Carl Sagan, perhaps the closest thing there was to the Nerd Laureate in the '80s, doesn't look very nerdy at all. Unlike the '60s and the 21st century, intellectuals didn't feel like they had something to prove by desperately sporting thick, conspicuous Intellectual Glasses. The wide openings place the rims away from the eyes, where they might distract you, and the rims and temples are so thin that you don't notice them. The large eye spaces also look more understanding than indiscriminately judgmental, always a worry for intellectuals.



That's Charlize Theron as a teenager. The temples are kind of thick, and the color is on the dark side, so they stand out a little bit. But because they're so wide open, they still look inviting rather than distancing. She looks like she'd be eager to talk to boys, not bothered by their presence. Isn't it strange how mature teenagers looked then, compared to 20-somethings today?

The one on the right is Heather Locklear, a rare example of a woman wearing super-thin frames. Not much of a fashion statement, although she has some golden and purple color to liven them up. It's probably the expression she's making for whatever TV show this is from, but she doesn't look as inviting as Charlize Theron. Still, she doesn't look stuck-up or high-maintenance. No-nonsense, maybe, but not catty or bitchy. Those women are long gone too, not just their glasses.

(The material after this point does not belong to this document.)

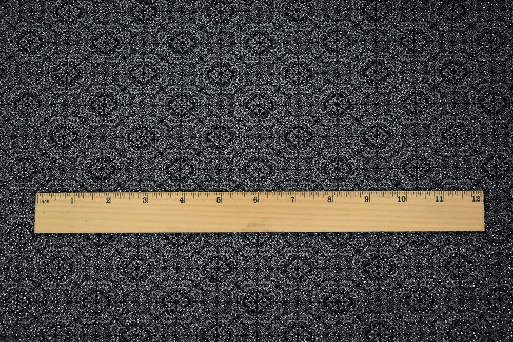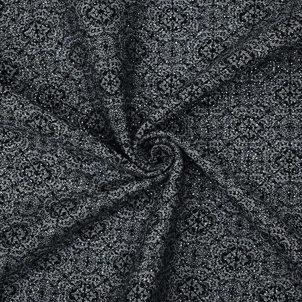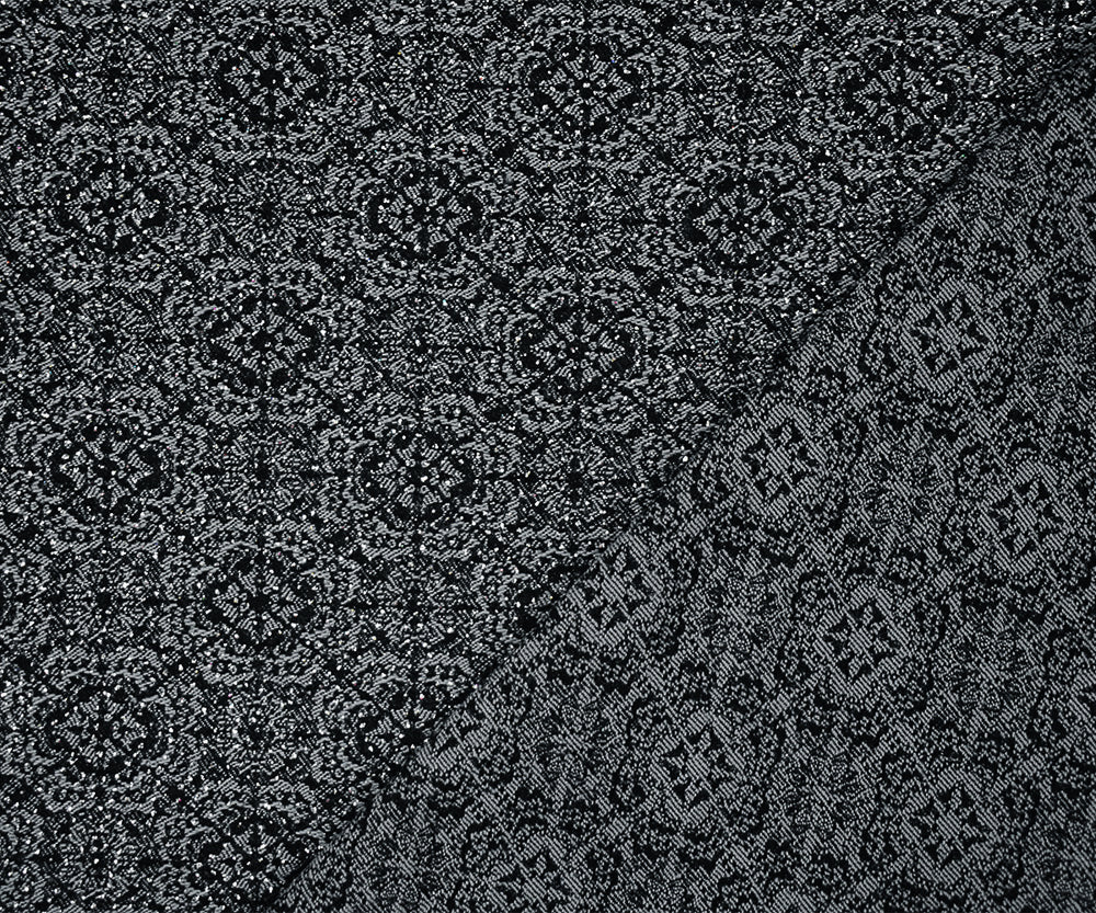 Black-Silver Rayon Blend Stretch Spandex Floral Bengaline Jacquard Fabric

You often hear the '70s and '80s aviator style glasses on men being referred to as serial killer glasses, pedophile glasses, and so on. Here's subway vigilante Bernie Goetz and cat person Stephen King doing their best to prove stereotypes. I don't think the glasses themselves make them look weird. I think the association people make between these glasses and serial killers and pedophiles is that they were both a lot more common back then and are much rarer now.

Perhaps their creeped-out reaction is caused by the disconnect between the traits suggested by the glasses and the individuals wearing them. To me the squinty mask-like glasses look more voyeuristic.

Add eyeglasses to the list of things that used to be unpretentious but are now required to be conspicuous design objects. Time to buy a new old pair.